# DATA TO EXAMINE
Content starts

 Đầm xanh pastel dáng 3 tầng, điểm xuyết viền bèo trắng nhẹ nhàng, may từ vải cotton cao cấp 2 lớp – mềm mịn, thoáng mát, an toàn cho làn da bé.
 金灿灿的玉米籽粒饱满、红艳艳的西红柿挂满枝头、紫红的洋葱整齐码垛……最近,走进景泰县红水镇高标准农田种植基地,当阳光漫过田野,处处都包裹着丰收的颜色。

Content ends
Content starts

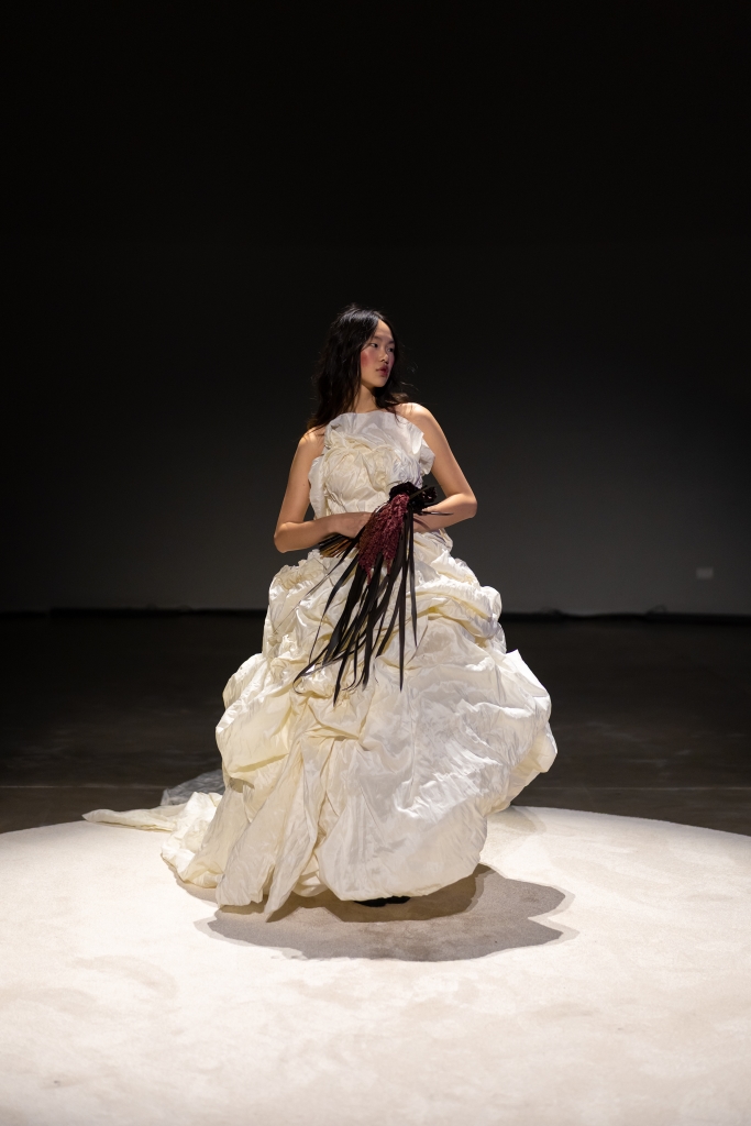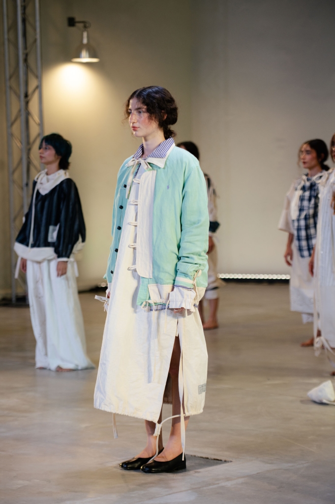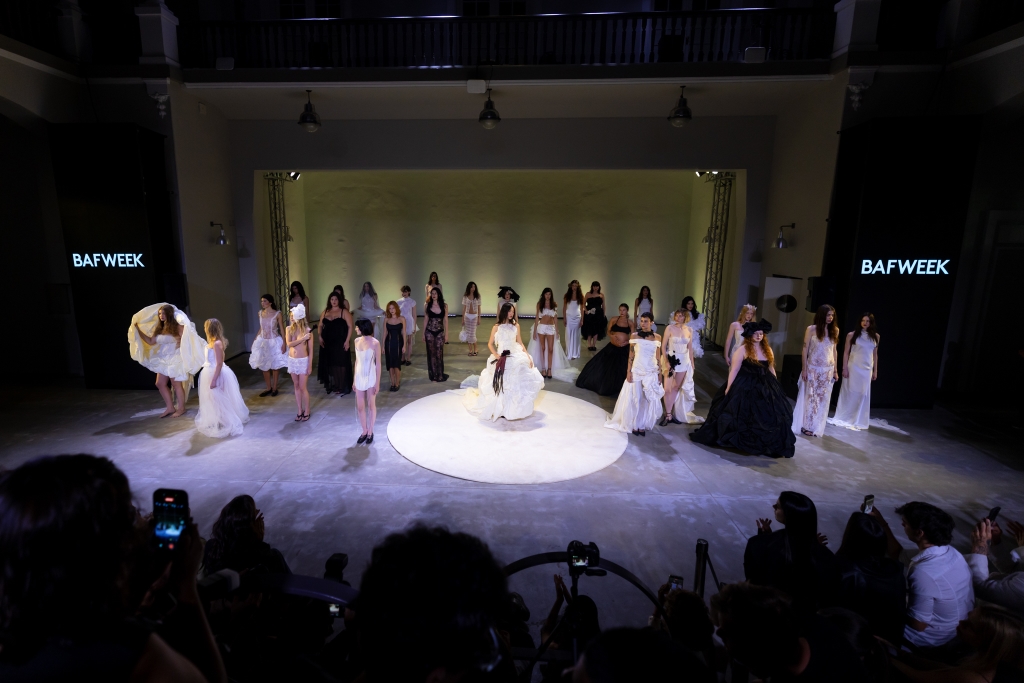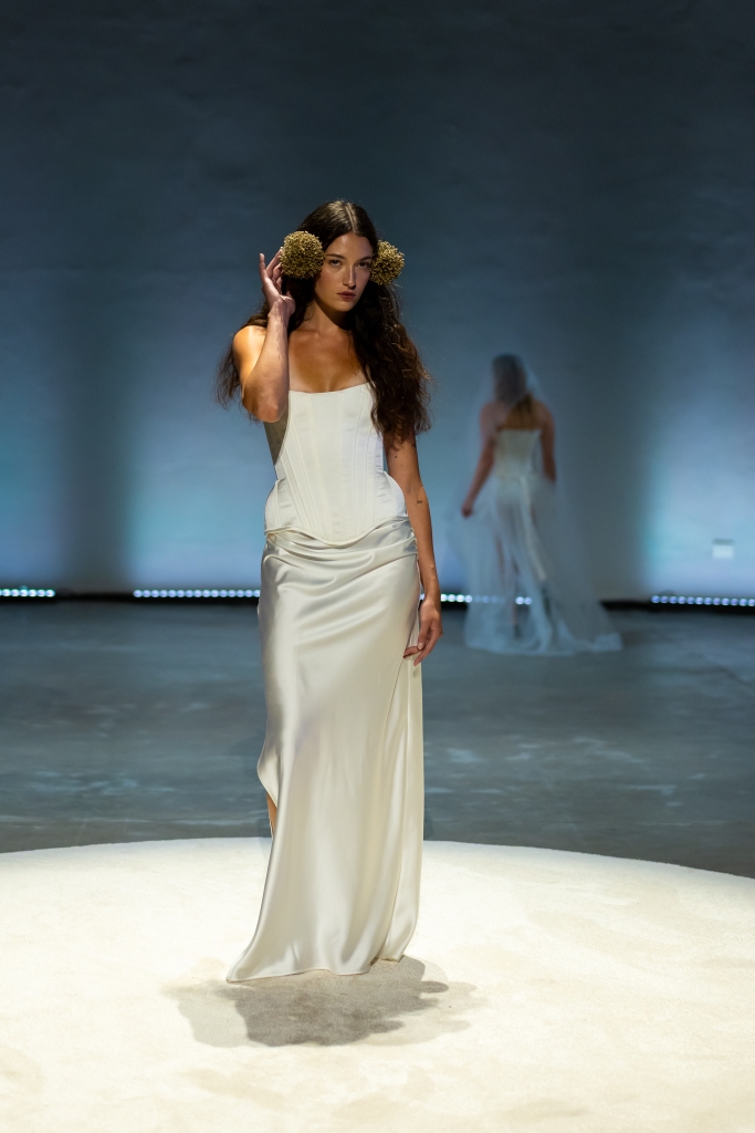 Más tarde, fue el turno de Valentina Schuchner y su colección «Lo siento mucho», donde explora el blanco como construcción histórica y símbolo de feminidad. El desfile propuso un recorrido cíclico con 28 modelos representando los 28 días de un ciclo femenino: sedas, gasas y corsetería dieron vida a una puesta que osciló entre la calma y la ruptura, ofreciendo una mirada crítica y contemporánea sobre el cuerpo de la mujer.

Content ends
Content starts

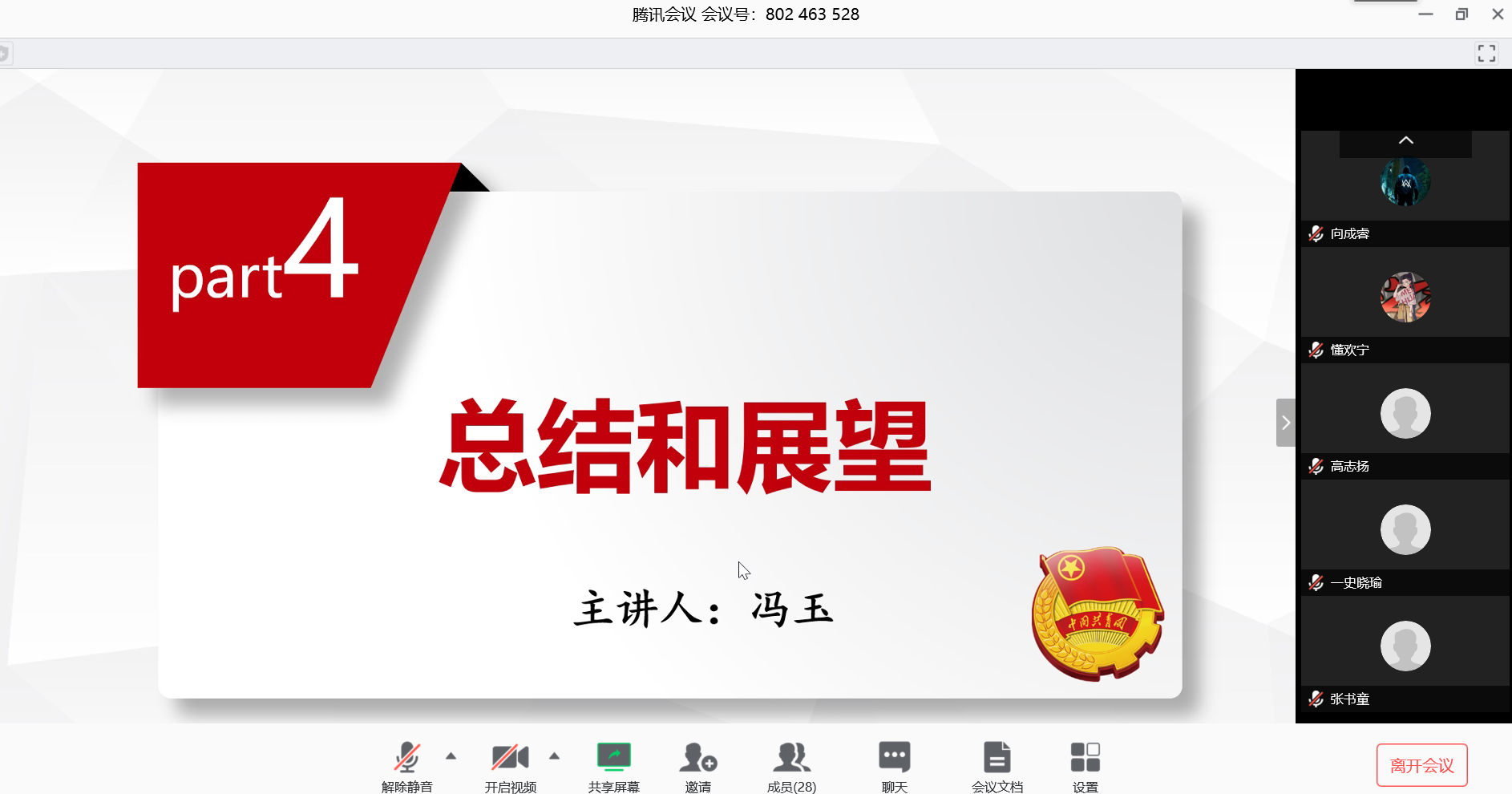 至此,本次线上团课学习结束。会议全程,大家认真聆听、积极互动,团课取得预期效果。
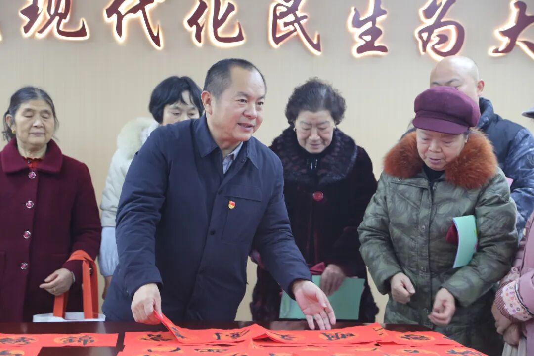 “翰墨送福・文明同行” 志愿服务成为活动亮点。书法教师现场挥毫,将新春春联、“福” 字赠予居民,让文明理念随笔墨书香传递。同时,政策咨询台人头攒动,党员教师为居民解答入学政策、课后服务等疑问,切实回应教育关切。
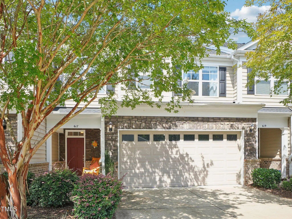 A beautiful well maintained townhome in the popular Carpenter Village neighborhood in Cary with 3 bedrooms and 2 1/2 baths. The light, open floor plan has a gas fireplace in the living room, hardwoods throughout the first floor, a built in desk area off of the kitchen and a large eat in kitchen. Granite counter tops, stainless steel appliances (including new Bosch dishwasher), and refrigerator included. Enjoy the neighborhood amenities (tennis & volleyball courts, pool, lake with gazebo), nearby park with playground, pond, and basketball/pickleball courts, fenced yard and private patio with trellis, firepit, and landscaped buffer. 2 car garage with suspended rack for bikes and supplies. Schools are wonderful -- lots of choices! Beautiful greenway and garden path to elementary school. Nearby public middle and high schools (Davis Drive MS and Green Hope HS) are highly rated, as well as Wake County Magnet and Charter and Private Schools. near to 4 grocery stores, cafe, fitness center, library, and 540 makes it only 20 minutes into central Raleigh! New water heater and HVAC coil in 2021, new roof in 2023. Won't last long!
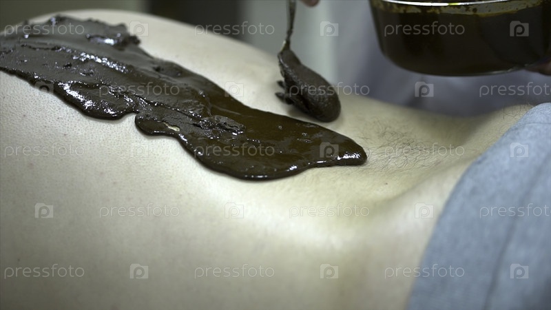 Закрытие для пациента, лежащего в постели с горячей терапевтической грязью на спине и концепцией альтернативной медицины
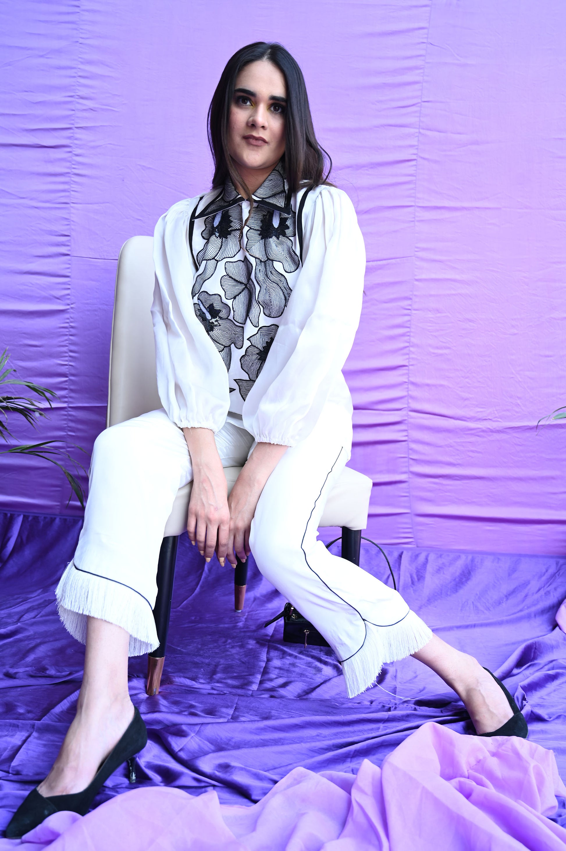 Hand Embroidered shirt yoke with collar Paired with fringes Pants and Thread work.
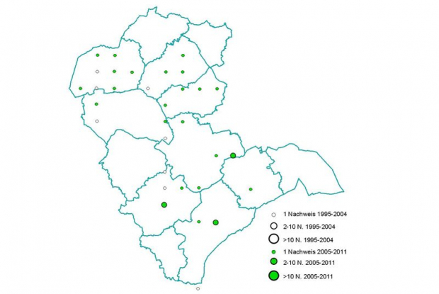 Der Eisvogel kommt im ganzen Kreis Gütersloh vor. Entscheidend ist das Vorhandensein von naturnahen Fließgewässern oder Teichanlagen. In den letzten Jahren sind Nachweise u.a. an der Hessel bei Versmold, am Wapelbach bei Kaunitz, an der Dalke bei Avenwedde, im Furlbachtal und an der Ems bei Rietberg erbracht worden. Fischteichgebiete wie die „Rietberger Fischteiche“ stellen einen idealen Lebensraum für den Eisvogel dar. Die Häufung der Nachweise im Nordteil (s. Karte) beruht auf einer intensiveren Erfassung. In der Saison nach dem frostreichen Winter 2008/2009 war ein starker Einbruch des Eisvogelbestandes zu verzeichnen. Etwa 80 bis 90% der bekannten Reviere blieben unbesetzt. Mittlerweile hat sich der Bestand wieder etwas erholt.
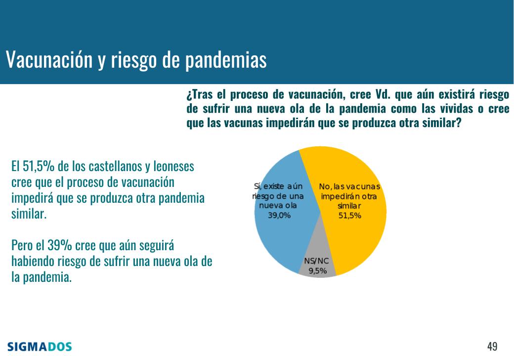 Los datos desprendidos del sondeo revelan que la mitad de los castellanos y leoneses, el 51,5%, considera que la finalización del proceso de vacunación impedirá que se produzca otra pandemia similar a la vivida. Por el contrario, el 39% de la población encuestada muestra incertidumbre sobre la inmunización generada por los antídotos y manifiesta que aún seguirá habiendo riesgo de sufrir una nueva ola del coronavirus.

Content ends

# DESCRIPTION OF THE TASK
Copy out exactly the material that runs from the line with "至此,本次线上团课学习结束。" to the line with "Hand Embroidered shirt", ends included, and leave the pictures behind.

# YOUR SOLUTION
 至此,本次线上团课学习结束。会议全程,大家认真聆听、积极互动,团课取得预期效果。
 “翰墨送福・文明同行” 志愿服务成为活动亮点。书法教师现场挥毫,将新春春联、“福” 字赠予居民,让文明理念随笔墨书香传递。同时,政策咨询台人头攒动,党员教师为居民解答入学政策、课后服务等疑问,切实回应教育关切。
 A beautiful well maintained townhome in the popular Carpenter Village neighborhood in Cary with 3 bedrooms and 2 1/2 baths. The light, open floor plan has a gas fireplace in the living room, hardwoods throughout the first floor, a built in desk area off of the kitchen and a large eat in kitchen. Granite counter tops, stainless steel appliances (including new Bosch dishwasher), and refrigerator included. Enjoy the neighborhood amenities (tennis & volleyball courts, pool, lake with gazebo), nearby park with playground, pond, and basketball/pickleball courts, fenced yard and private patio with trellis, firepit, and landscaped buffer. 2 car garage with suspended rack for bikes and supplies. Schools are wonderful -- lots of choices! Beautiful greenway and garden path to elementary school. Nearby public middle and high schools (Davis Drive MS and Green Hope HS) are highly rated, as well as Wake County Magnet and Charter and Private Schools. near to 4 grocery stores, cafe, fitness center, library, and 540 makes it only 20 minutes into central Raleigh! New water heater and HVAC coil in 2021, new roof in 2023. Won't last long!
 Закрытие для пациента, лежащего в постели с горячей терапевтической грязью на спине и концепцией альтернативной медицины
 Hand Embroidered shirt yoke with collar Paired with fringes Pants and Thread work.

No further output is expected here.